On Jan 11, 2008, at 1:37 PM, Gar Lipow wrote:
On Jan 11, 2008 10:01 AM, Shane Mage <shmage@xxxxxxxxxxxx> wrote:On Jan 11, 2008, at 12:19 PM, Doyle Saylor wrote:
Greetings Economists, Scientific American online has this article here: http://www.sciam.com/article.cfm?id=a-solar-grand-plan
That suggests a plan for 480 billion (in increments from now to 2050) to completely go over to solar energy in the U.S. economy. Any thoughts from renewable economics perspective on this idea? Secondly, they suggest in this article that it would not lower the current standard of living to adapt this regime. Which seems to indicate a means for other countries to follow and develop upon.
If it projects $480b over 43 years there's nothing "grand" about it. If the US can afford an Iraq occupation costing over $100b a year it could just as easily afford $4,800b over that period. A serious plan to convert the whole US economy to solar (including both its radiative and aeolian forms) could be accomplished in a much shorter time even with present technology (and the technology is improving rapidly). Start with enormous wind farms in the northern plains, dedicated to production of hydrogen by electrolysis, while constructing dedicated pipelines to supply every present filling station with the hydrogen for fuel-cell cars. Add solar farms in the southwestern deserts connected to centers of use by DC transmission lines. Require all new construction to be roofed with solar panels.

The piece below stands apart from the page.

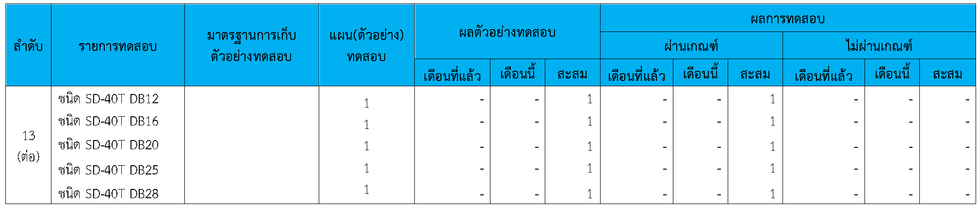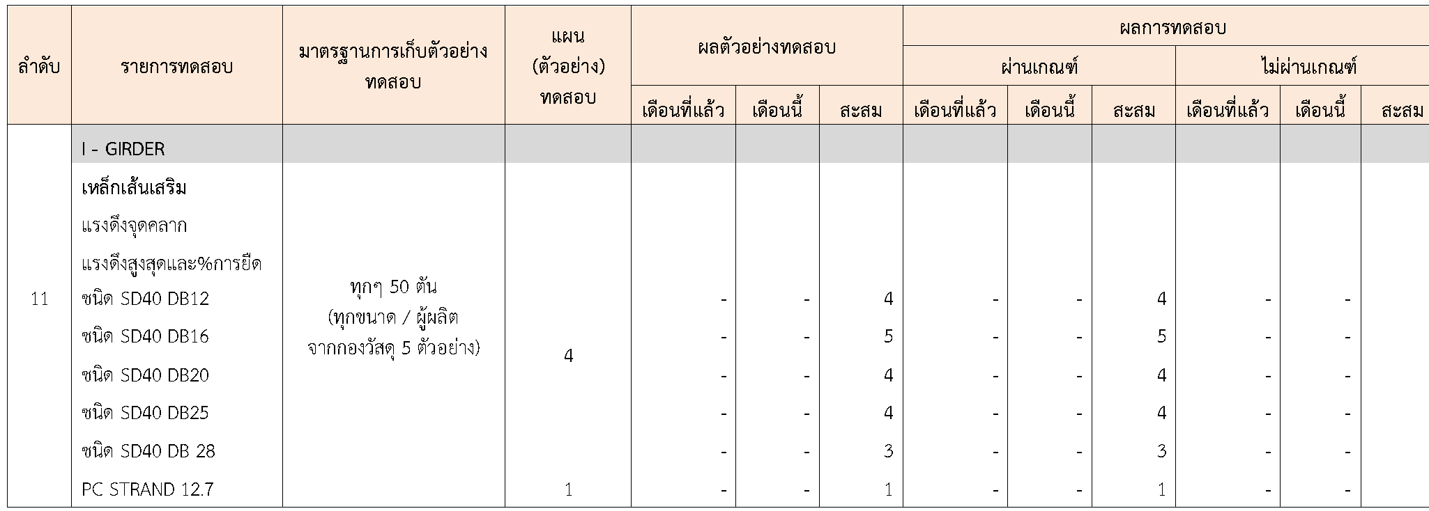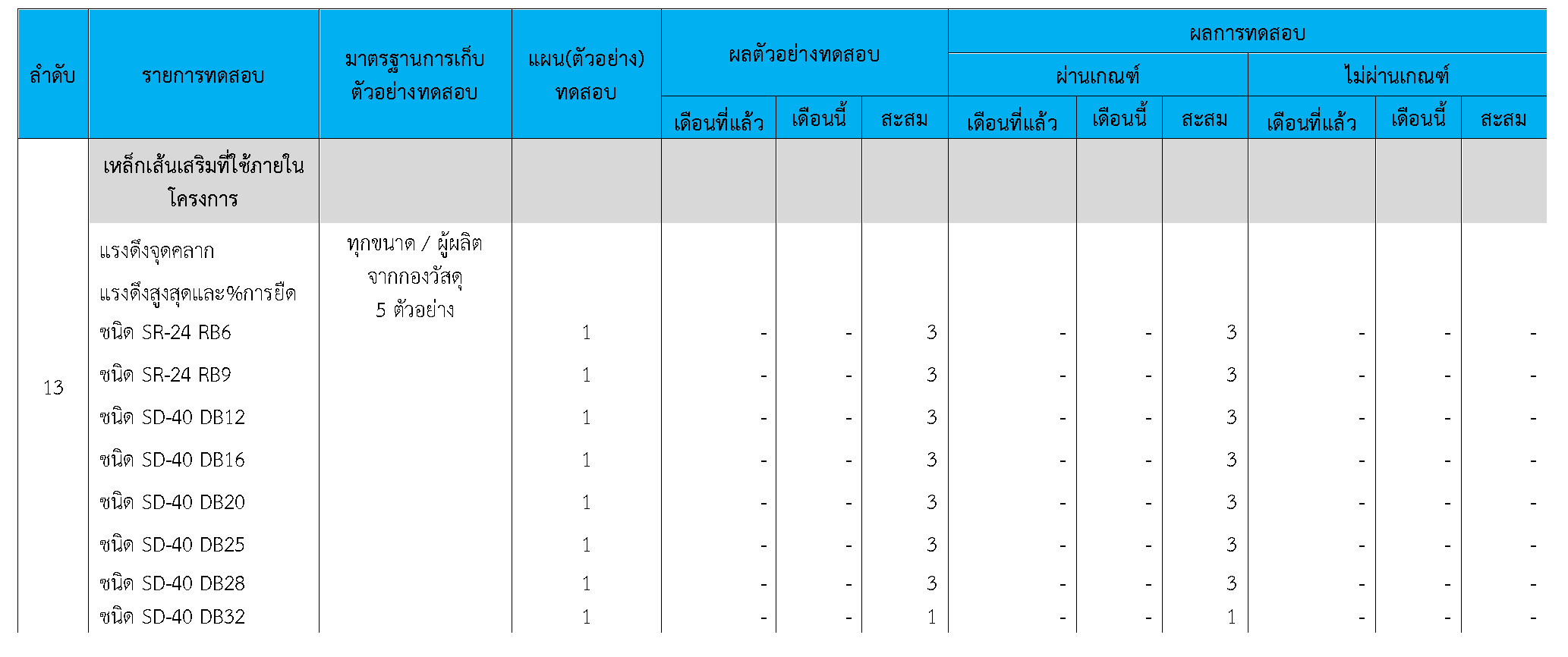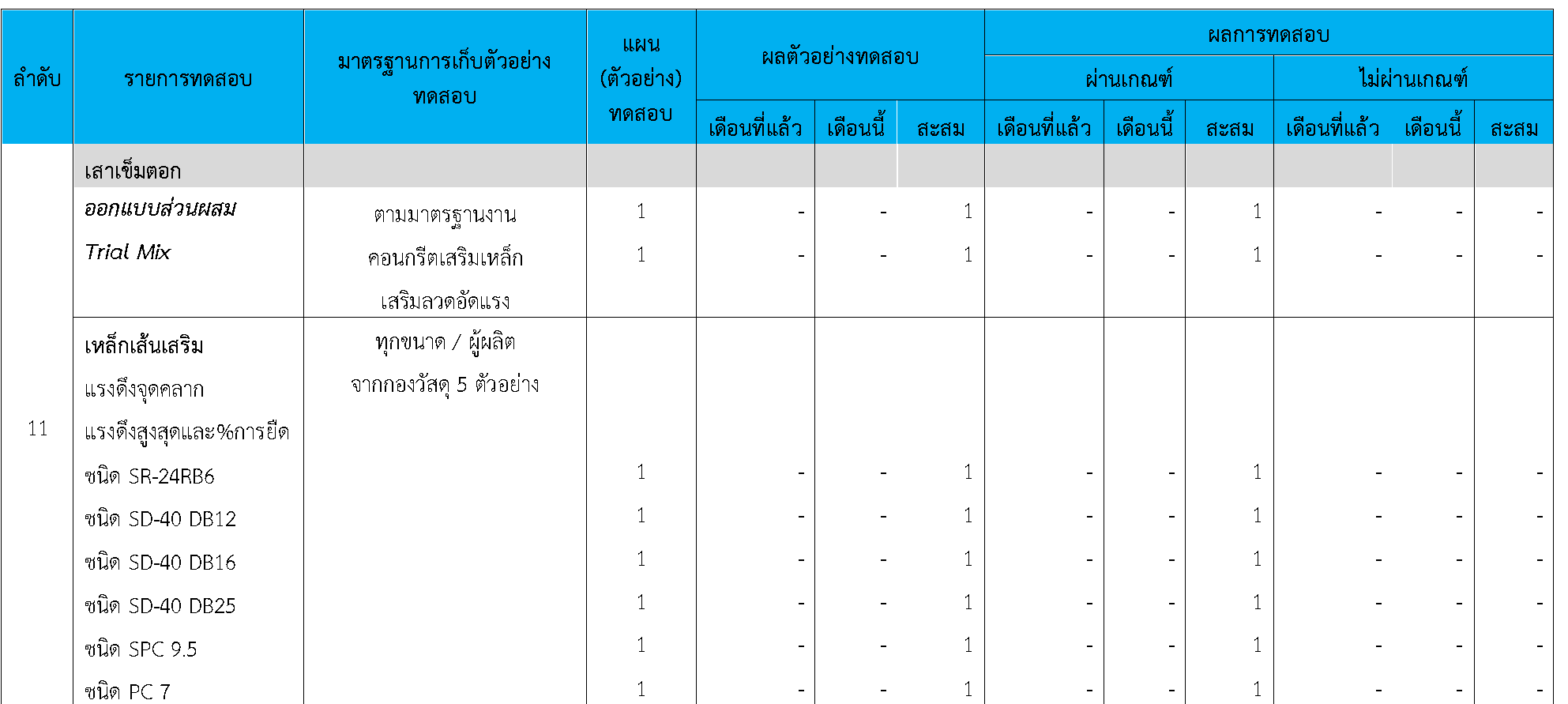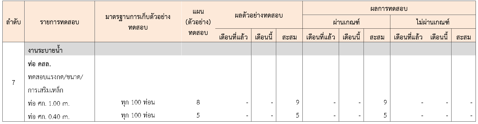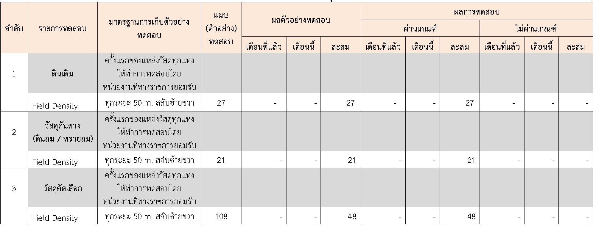 ในระหว่างวันที่ 1-31สิงหาคม 2564ผู้ว่าจ้างได้เสนอหนังสือขออนุมัติใช้วัสดุถึงที่ปรึกษา โดยที่ปรึกษาได้ตรวจสอบวัสดุดังกล่าวมีผลทดสอบดังตาราง

This, of course, requires a huge dose of government enterprise and economic planning. Which is why US (and British) monopoly capitalism cannot even think of such a project. Its solution (embraced, alas by some despairing radicals) is to invest more and ever more resources in the construction of dangerous and technologically dead-end (but privately owned, of course) nuclear power plants.
Shane Mage
"Thunderbolt steers all things...it consents and does not consent to be called Zeus."
Herakleitos of Ephesos
I'm with Shane on the money. 480 billion sounds more like an annual budget than a multi-decades budget. However don't count on hydrogen as a storage or transmission media. Really efficient Plugin hybrids with a 100+ mile electric range could reduce emissions by as much or more than a hydrogen car. Pure electric cars with a ~200 mile range could meet all the needs of a great many people. And in terms of future technology, we are a lot closer to massive improvement in battery technology than we are to economical hydrogen. (Bear in mind also, that most hydrogen advocates support deriving hydrogen from natural gas or coal during the "transition.")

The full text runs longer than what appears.